By Daniel Wood
“I think the industry is doing a great job creating awareness of the critical role that insurance plays in modern life,” said Martyn Wicht (pictured above), regional director for Australasia at McLarens, a global loss adjuster focused on the complex commercial claims space.
The Brisbane-based, third generation loss adjuster was responding to a question from Insurance Business. IB asked about the insurance industry’s well known image problem and if that impacts his firm’s recruitment efforts?
Wicht, like some other industry stakeholders, believes the industry has turned a corner.
“I think that’s starting to generate more awareness of the industry and attract a more diverse range of candidates to our industry,” he said. “We’re on the right track.”
Wicht’s firm is running its trainee scheme for the second year.
“I think the loss adjusting industry has a very important role to play in providing that on the job training, which is critical to the success, I think, of the role,” he said.
Wicht said the loss adjusting industry is “well supported” by AICLA and ANZIIF education programs and this aims to complement those programs.
 McLarens is taking on eight trainees this year – twice the number of 2022’s intake, said Wicht.
“We’ve also expanded the lines of business,” he said. “In 2022, we were focusing on the property line of business and we’ve expanded that to forensic accounting and construction for 2023.”
The 12-month training program, said Wicht, is very structured.
“I think that has been part of our success,” he said.
The firm has recruited trainees since 2019 but with the assistance of an HR partner, the program, he said, is now much more structured.
“We specifically recruited a strategic human resources professional whose focus has been on developing the framework for our career and learning pathways,” he said. “That includes integrating the AICLA and ANZIIF educational programs to support the extensive on the job training in complex claims that we provide.”
The latest intake of eight trainees – double the intake in 2022 – started in April.
“We brought them all together for a two day, get to know each other and introduction to the business and induction program,” said Wicht. “One of the key elements of the training program is one-on-one extensive training covering all of the elements of the loss adjusting role in the claims process, which is very much on the job training.”
Wicht said this involves shadowing a senior person five days a week.
“The other thing is that a team approach to this program has been integral to its success,” he said. “Not all of our loss adjusters are supervising trainees, however, all of our loss adjusters are involved in the traineeship program, whether that’s by way of additional learning opportunities, lunch and learns – we cover those off once a month.”
Wicht said all parts of the business are involved in their traineeship program.
“I think the approach that McLarens is taking to the traineeship program is a unique approach,” he said. “The training is specifically targeted to the area of the business that we operate in, which is the major and complex claims space.”
He said, in the past, many loss adjusters developed their skills by adjusting in a high-volume, low value claims environment and progressed in that manner.
“Our training program required a different approach because we operate in that complex and large loss claims arena,” said Wicht.
He said clients have “embraced the program too.”
Candidates in the current training program come from diverse backgrounds.
“We use a number of resources from word of mouth to job boards that connect us to graduates,” said Wicht. “We’ve attracted candidates with various skills, degrees in law, engineering, accounting and also people from within the industry with backgrounds in broking and claims.”
Wicht said the diversity of a loss adjusting career means that many different skills are relevant.
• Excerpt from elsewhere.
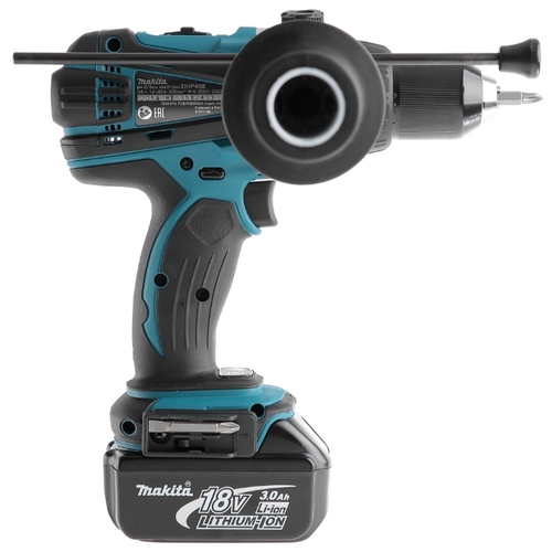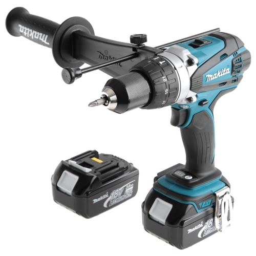 Подробная комплектация два аккумулятора, зарядное устройство, дополнительная рукоятка, ограничитель глубины сверления, бита, кейс

He said their traineeship program “presents a very unique opportunity” to match the skills of the candidates – either from previous education or work – with the “experience they have already gleaned.”
He suggested that their traineeship scheme is starting to make small inroads into the industry’s decades-old aging workforce challenges.
“The generation gap has been a topic of discussion for some time in the loss adjusting profession,” said Wicht.
Loss adjusting roles right across McLaren’s business, he said, are currently in high demand.

“I think many factors are influencing the need for loss adjusters such as the growth of insurance in developing areas and the recent natural weather events and future predictions have highlighted that demand will continue,” said Wicht.
He said he expects this demand to continue.
According to its website, McLaren’s Australasia based division focuses on, casualty, construction and natural resources, forensic accounting, property, marine and aviation.
A McLaren’s media release said the firm’s revenue in Australia grew by 25% this year. The release also said the business has grown from one staff member in 2014, when McLarens re-entered the local market, to more than 120 this year.